### WORK INSTRUCTION
Begin at the line below that has "最近,國家納米科學(xué)" and stop after the line that has "Easily Save favorite". Please restate only those lines, word for word.

### RECORDS PROVIDED
◇ ◇ ◇ ◇

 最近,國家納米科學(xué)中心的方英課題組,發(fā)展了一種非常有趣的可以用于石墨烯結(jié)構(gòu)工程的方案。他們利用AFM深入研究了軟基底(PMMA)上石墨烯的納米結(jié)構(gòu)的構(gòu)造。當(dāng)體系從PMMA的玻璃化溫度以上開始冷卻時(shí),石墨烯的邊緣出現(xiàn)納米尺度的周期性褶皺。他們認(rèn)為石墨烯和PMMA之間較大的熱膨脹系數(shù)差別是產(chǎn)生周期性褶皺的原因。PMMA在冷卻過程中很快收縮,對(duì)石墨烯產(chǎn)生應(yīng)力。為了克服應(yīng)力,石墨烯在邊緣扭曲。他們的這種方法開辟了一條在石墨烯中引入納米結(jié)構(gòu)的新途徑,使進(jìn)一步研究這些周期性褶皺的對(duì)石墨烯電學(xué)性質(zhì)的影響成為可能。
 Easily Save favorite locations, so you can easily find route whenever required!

◇ ◇ ◇ ◇

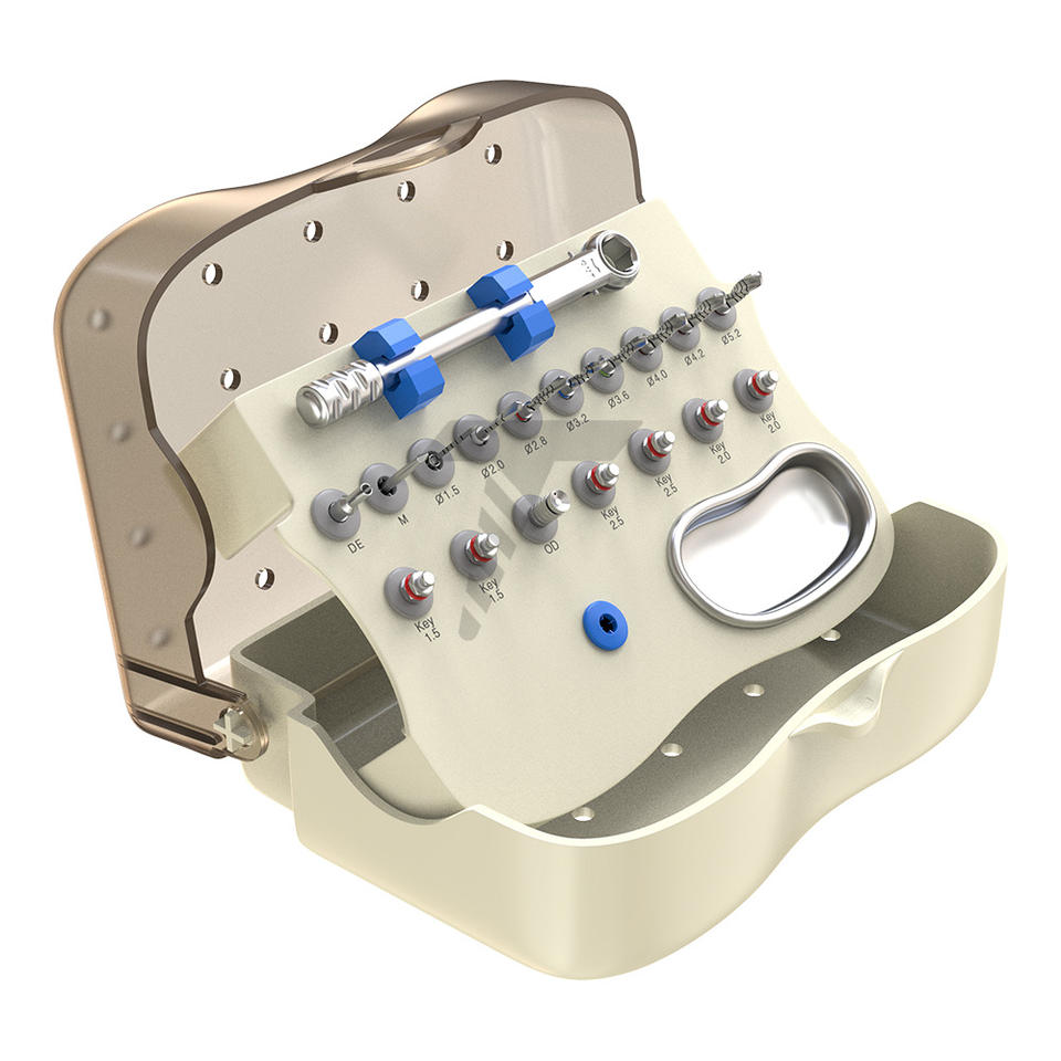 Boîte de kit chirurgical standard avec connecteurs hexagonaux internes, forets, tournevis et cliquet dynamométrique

◇ ◇ ◇ ◇

### RESULT FOR THIS EXERCISE
 最近,國家納米科學(xué)中心的方英課題組,發(fā)展了一種非常有趣的可以用于石墨烯結(jié)構(gòu)工程的方案。他們利用AFM深入研究了軟基底(PMMA)上石墨烯的納米結(jié)構(gòu)的構(gòu)造。當(dāng)體系從PMMA的玻璃化溫度以上開始冷卻時(shí),石墨烯的邊緣出現(xiàn)納米尺度的周期性褶皺。他們認(rèn)為石墨烯和PMMA之間較大的熱膨脹系數(shù)差別是產(chǎn)生周期性褶皺的原因。PMMA在冷卻過程中很快收縮,對(duì)石墨烯產(chǎn)生應(yīng)力。為了克服應(yīng)力,石墨烯在邊緣扭曲。他們的這種方法開辟了一條在石墨烯中引入納米結(jié)構(gòu)的新途徑,使進(jìn)一步研究這些周期性褶皺的對(duì)石墨烯電學(xué)性質(zhì)的影響成為可能。
 Easily Save favorite locations, so you can easily find route whenever required!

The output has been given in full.